Amazon has come under fire after it was discovered that Christmas decor featuring Holocaust concentration camp photos were being sold on the site.
The Auschwitz Memorial, with almost 800,000 followers on Twitter, shared screenshots of Amazon’s products on Sunday, sparking a massive backlash from consumers and descendants and/or family members of many who perished in the infamous Nazi concentration camp, where nearly one million Jews were killed during the Holocaust.
“Selling ‘Christmas ornaments’ with images of Auschwitz does not seem appropriate,” the Auschwitz Memorial said in a tweet on Sunday, calling on Amazon to remove the items. “Auschwitz on a bottle opener is rather disturbing and disrespectful.”
Selling "Christmas ornaments" with images of Auschwitz does not seem appropriate. Auschwitz on a bottle opener is rather disturbing and disrespectful. We ask @amazon to remove the items of those suppliers. https://t.co/0uG2JG558e pic.twitter.com/ucZoTWPk1W— Auschwitz Memorial (@AuschwitzMuseum) December 1, 2019
The products were not available on Monday morning when the Daily Dot ran a search on Amazon, but the links still appeared on Google searches. Screenshots shared by Auschwitz Memorial on Twitter show a “tree decor souvenir” and a bottle opener fridge magnet with photos of what appears to be a concentration camp. The images are of brown buildings with barbed wire, the exact imagery of concentration camps that have been documented. The bottle cap opener and one of the tree decors has a photo caption of “Krakow Poland.” Krakow is about 40 miles from where the Auschwitz camp is located and is one of the central transit spots of getting to Auschwitz.

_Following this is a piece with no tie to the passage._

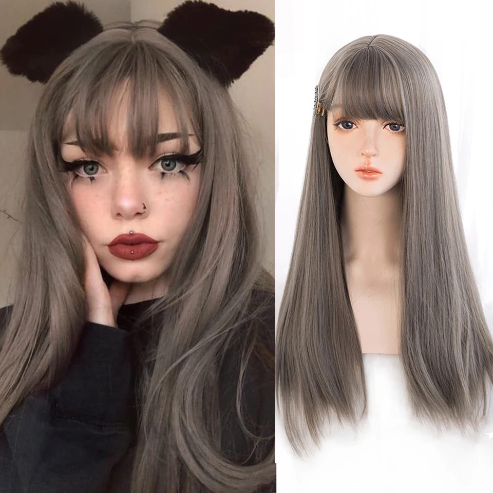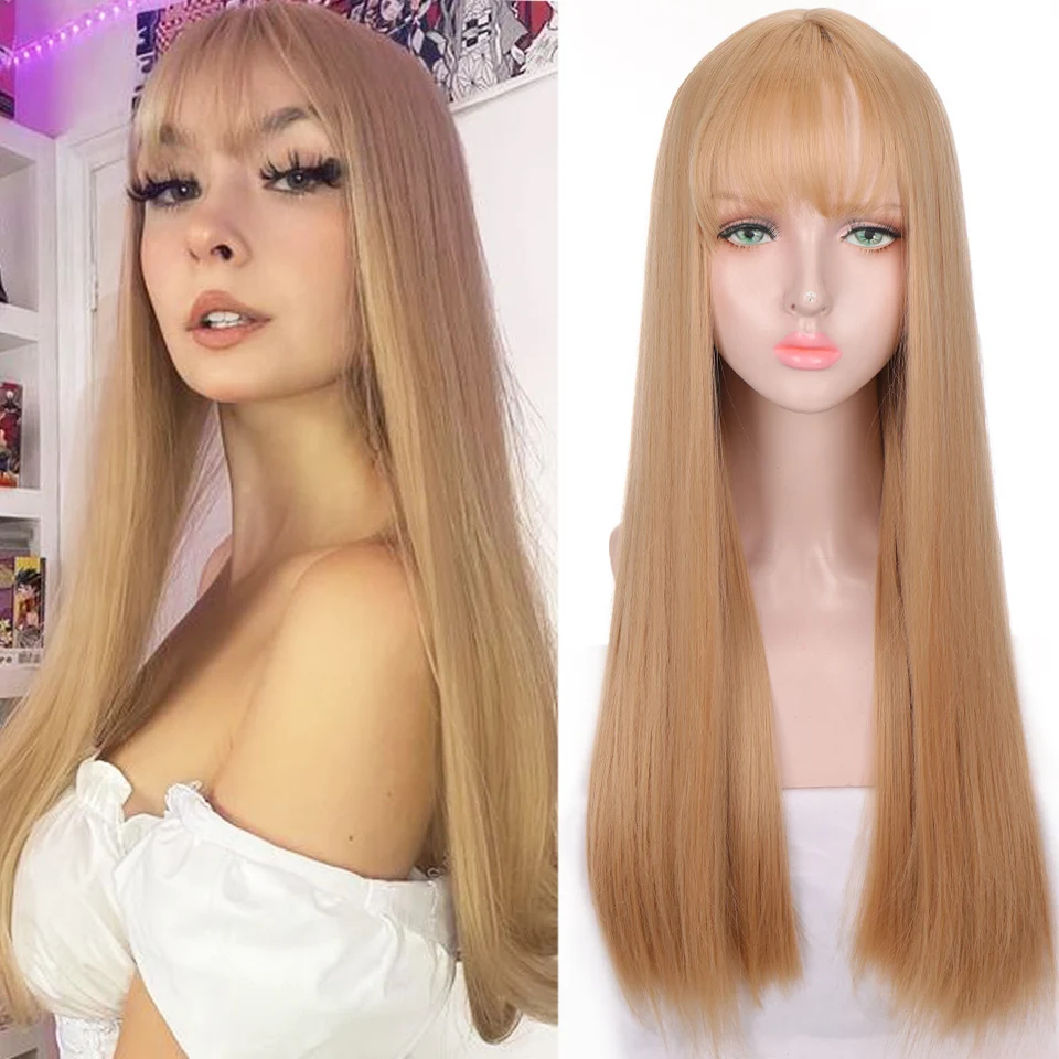 Женская Синтетическая челка с длинными прямыми волосами для косплея

Another “tree decor” shows the entrance of the Auschwitz concentration camp and was advertised on the website as “Poland Auschwitz War Camp Prison Christmas Ornament.” The bottle opener magnet was being sold for $12.99. The prices for others weren’t available in the screenshots.
A screenshot of another product, by another seller “Tree26,” showed a mousepad with “Massacre Auschwitcz [sic] Birkenau Jewish Death”—a thumbnail of the link to that product page showed it was being sold on Amazon, though the product is no longer available.

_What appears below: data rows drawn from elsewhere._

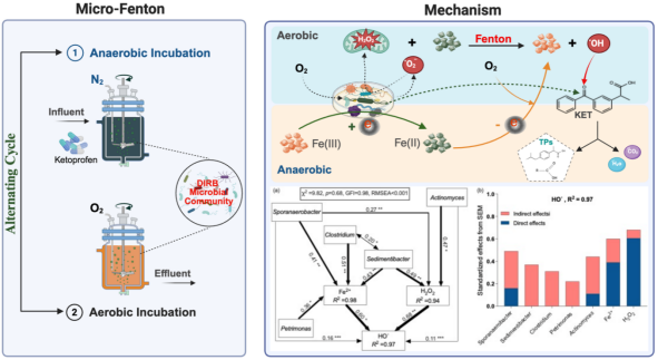 该研究构建一种受自然启发的微生物群落驱动的自维持MFenton系统,在近中性环境下实现药物类新污染物的高效降解(>80%)。该MFenton系统通过厌氧-好氧交替循环,促使异化铁还原菌群(关键菌属包括Sporanaerobacter、Sedimentibacter、Clostridium、Petrimonas和Actinomyces等),自主完成“Fe3+ 还原为 Fe2+”(厌氧阶段)和 “H2O2生成”(好氧阶段),进而原位持续产生HO˙。与传统芬顿工艺相比,本系统通过关键菌群的协同作用实现铁氧化还原循环的自维持,无需调节pH、能耗降低75%以上,且无外源化学试剂投加,具备良好的环境适应性与可持续性。本研究成果重新界定了微生物驱动高级氧化技术的应用边界,为解析自然铁氧化还原网络被工程化改造以实现动态环境中污染物去除提供了机制层面的见解。
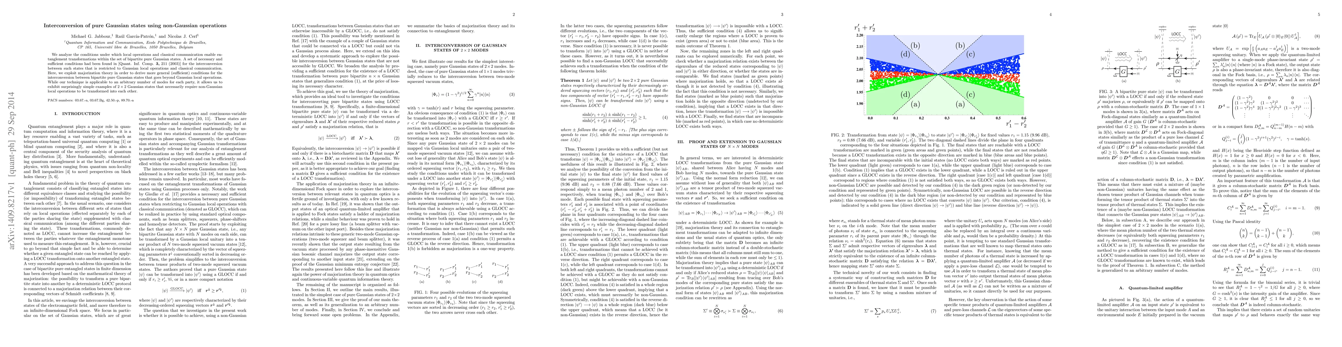 This paper explores the conditions under which non-Gaussian operations, alongside classical communication, allow for the transformation of bipartite pure Gaussian states. It employs majorization theory to derive more general sufficient conditions for such transformations, revealing simple examples of 2 x 2 Gaussian states that require non-Gaussian operations for interconversion.
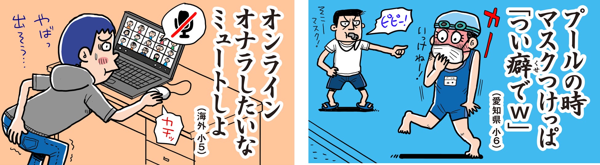 「マスク」着用や「オンライン」授業やゲームといったニューノーマルな日常をユーモラスに切り取っていたり、夏休みの情景を「コロナ禍」ならではの語彙を使用して表現していたりと、コロナ禍3度目の夏、子どもたちが明るくたくましく過ごす様子が伝わってきます。

The gifts were posted on Amazon by a seller titled “Fcheng” whose profile shows they sell similar magnets and ornaments based off city souvenirs. The manufacturer listed on the other products by Fcheng was “Jollin Travel Gifts.”

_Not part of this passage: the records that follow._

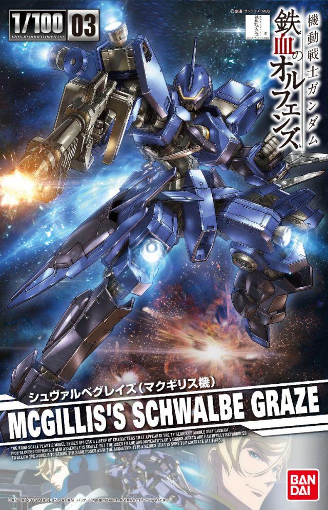 McGillis Fareed’s custom Schwalbe Graze from the hit series “Mobile Suit Gundam: Iron-Blooded Orphans” is now available in 1/100 scale! While this kit may not carry the “Master Grade” label it’s definitely not lacking in detail! A full inner frame with excellent articulation makes this a kit that can’t be missed! Parts come molded in multiple colors with a small foil sticker sheet included to add some extra details and colors. Also just like the 1/100 scale Graze Normal type release this kit comes with some extra parts to add to and customize the 1/100 scale Barbatos! Scale: 1/100 Item Size/Weight: 31.0cm x 20.0cm x 11.2cm / 510g Release Date: Jan 2016
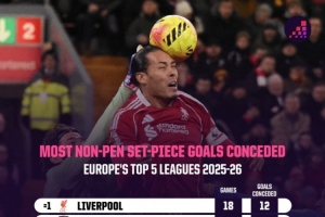 nba直播12月30日讯 Opta统计了本赛季五大联赛球队定位球的失球数量(不包括点球),并列出榜单,利物浦12球居首,这也是2015-2016赛季(15球)之后,利物浦定位球失球最多的赛季。
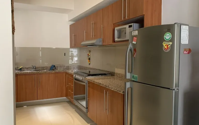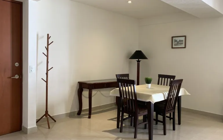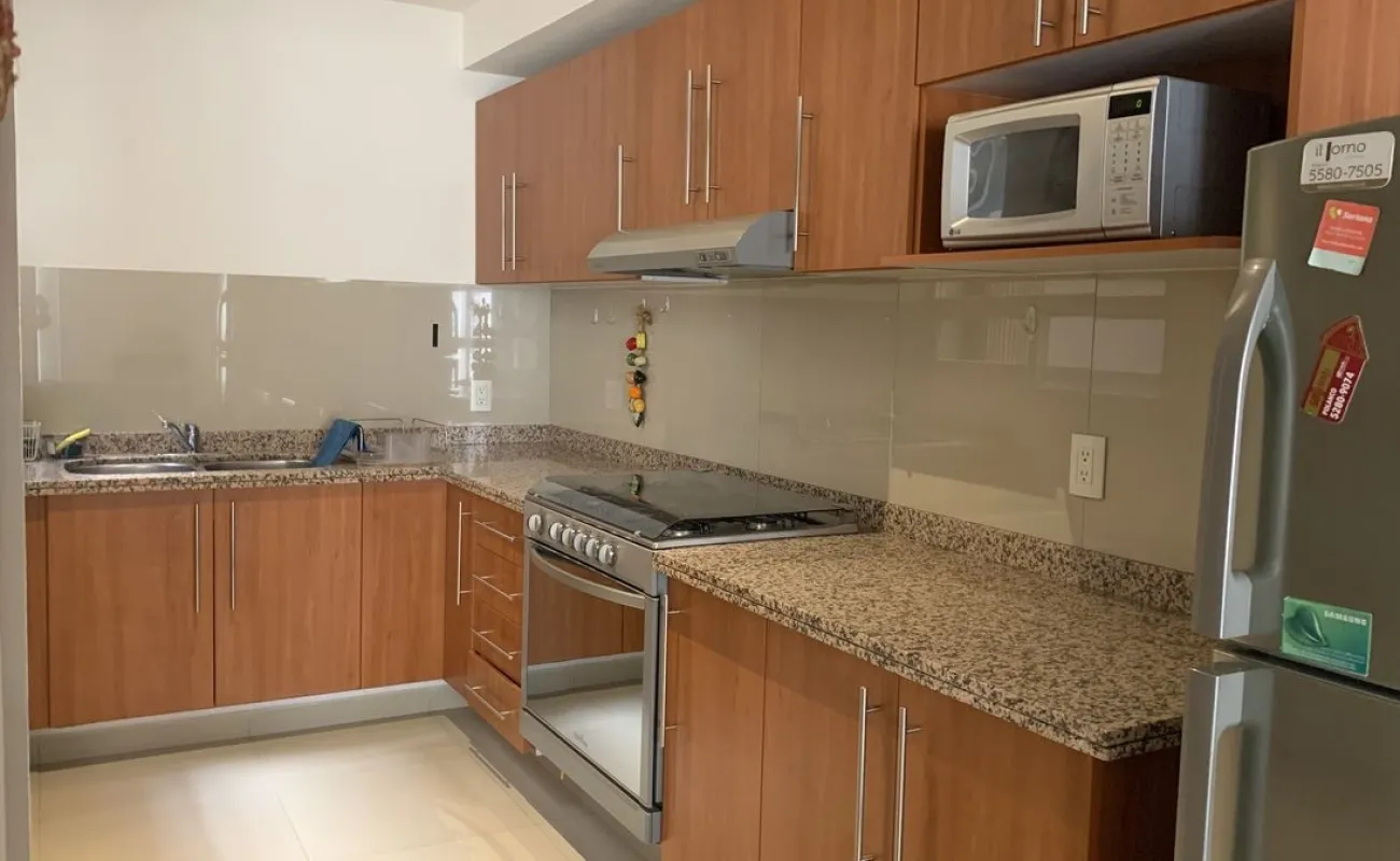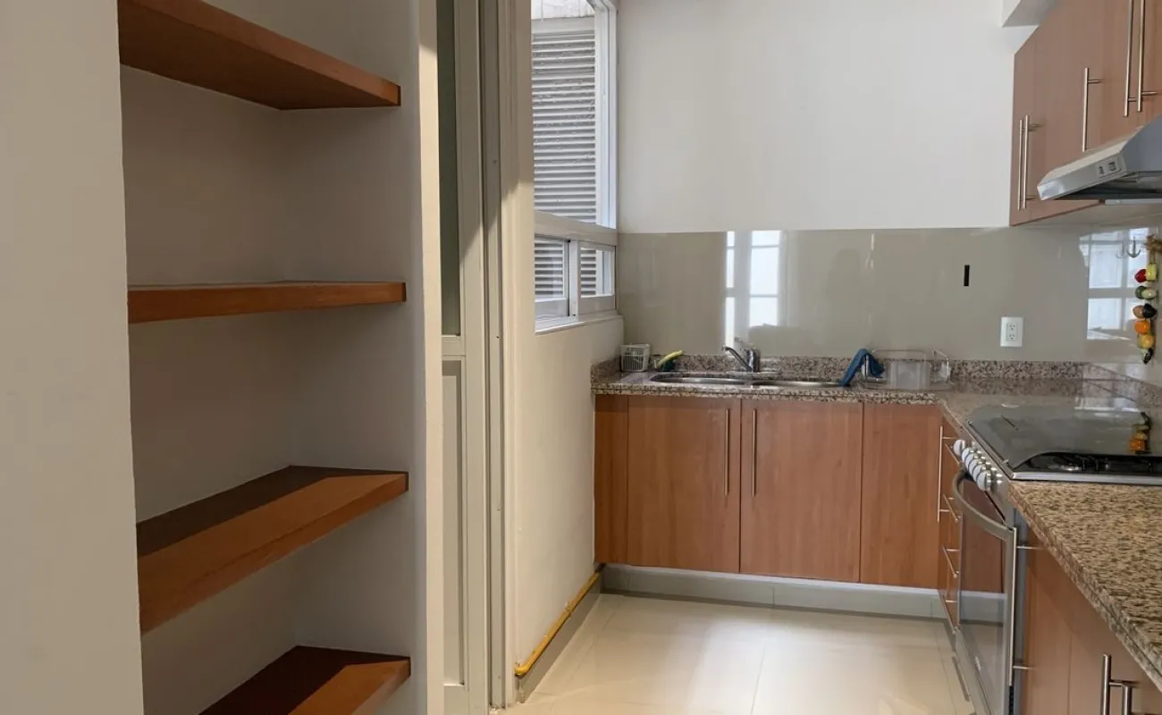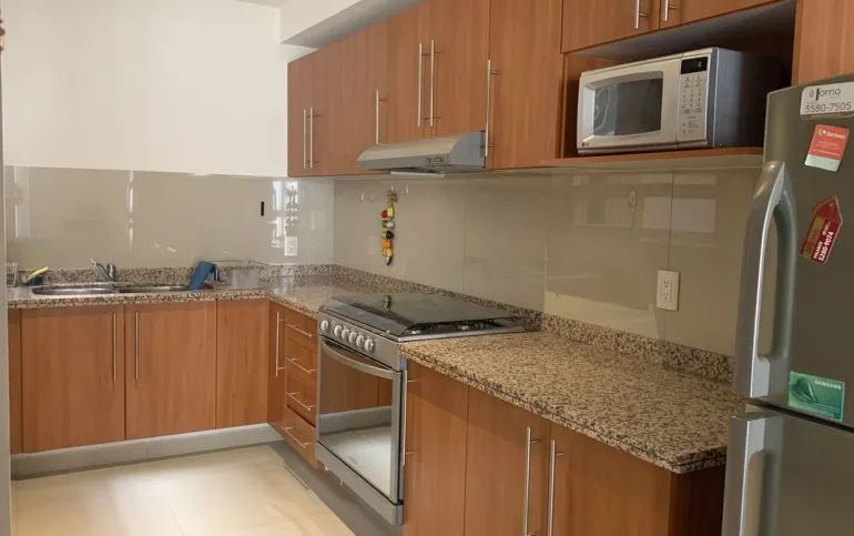 Depto con mucha luz, piso 14 Torre Luna con superficie de 100m y techos altos, sala comedor y cocina abierta de muy buen tamaño, área pequeña de lavanderia con fregadero y centro de lavado. 2 recámaras la segunda con su baño fuera y la principal con baño (con tina) dentro de la recámara y un vestidor muy amplio y alto. tiene 2 estacionamientos muy cercanos a la salida y solo se sube medio nivel. El depto esta super cuidado y en perfecto estado. Listo para entrar quien lo compre.

Many expressed their frustration at the idea that anyone on Amazon would consider this acceptable to sell:
As the Grandson of Holocaust survivors who had to endure the traumas of Auschwitz, I find this disgusting, repulsive, and unbecoming of a company like @amazon or any single American company. I don’t understand how something like this gets made in this day and age, let alone sold. https://t.co/JvhVEFXLK5— Josh Gad (@joshgad) December 2, 2019
In current day America, I think we know exactly who would purchase these.— Patricia (@Principalaz) December 1, 2019
Those who think that there are "some very fine people on both sides."
Jeff Bezo's @amazon I join my family's voice w/ @AuschwitzMuseum to request you IMMEDIATELY REMOVE all "holiday" ornaments and other "gifts" for sale that display Auschwitz. Not only is this disrespectful but SHAMEFUL that someone in your org would even think this appropriate!— Julia Burrell (@republiclvr) December 1, 2019
And there were quite a few Stephen Miller references, likely given a recent report that exposed his explicit ties and allegiance to white supremacy:
Stephen Miller probably thinks it’s ok— Jay beilis (@beilis_jay) December 1, 2019
The Memorial’s page had posted their initial tweet early Sunday morning, and by the afternoon—after about 10 hours—Amazon finally took down the listings, according to a follow-up tweet by the Memorial:
The Daily Dot has reached out to Amazon and will update the report if it responds. Amazon told the New York Times in a statement that “all sellers must follow our selling guidelines and those who do not will be subject to action, including potential removal of their account.”
According to Amazon’s guidelines, products “related to human tragedies” are not allowed to be sold on the platform, and a user risks being suspended—temporarily or permanently, based on the “appropriateness of listings on its site.” As of Monday morning, other products by the seller were still on the platform.